In an alternative embodiment, the present invention is directed to a composition comprising the compound of formula I, or a pharmaceutically acceptable salt or hydrate thereof, for use in the treatment or prevention of a synucleinopathy disease, wherein the compound of formula I is the only active agent in the composition. By only active agent it is meant that the composition does not contain other components which may be used in the treatment or prevention of a synucleinopathy disease, preferably Parkinson's Disease.

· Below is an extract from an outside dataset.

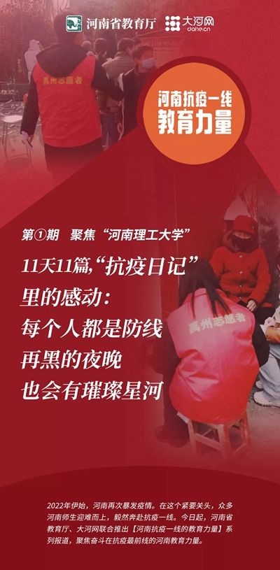 2022年伊始,河南再次暴发疫情。在这个紧要关头,众多河南师生不惧风险,不怕困难,迎难而上,毅然奔赴抗疫一线,为守护万千家庭贡献出自己的力量。今日起,河南省教育厅、大河网联合推出【河南抗疫一线的教育力量】系列报道,聚焦奋斗在抗疫最前线的河南教育力量。

The compositions of the invention comprising the compound of formula I may further contain a pharmaceutically acceptable carrier forming a pharmaceutical composition. By "pharmaceutically acceptable carrier" is meant any diluent or excipient, such as fillers or binders, that is compatible with the other ingredients of the composition, and which is not deleterious to the recipient. The pharmaceutically acceptable carrier can be selected on the basis of the desired route of administration, in accordance with standard pharmaceutical practices.

Without wishing to be bound by theory, it is believed that a technical effect of using danegaptide as a gap junctional intercellular communication (GJIC) modulator is that these compounds may provide better coupling between cells, enable cells to share available energy (in the form of ATP), and enable intercellular signaling, including calcium signaling. Additionally, DG would act to change the 0x43 conformation in such a way as to prevent hemichannel (HC) opening as well as enhance gap junction (GJ) opening, thus restricting inflammasome activation and inflammatory mediator release from the cells such as astrocytes.

Optionally, the compound is encapsulated in the liposome. Liposomes are vesicles composed of lipid bilayers, which are able to encapsulate the compound within their aqueous core or lipid membrane. When used as a sustained release formulation, liposomes allow the compound to cross the blood brain barrier and engage its target that is located within the brain parenchyma.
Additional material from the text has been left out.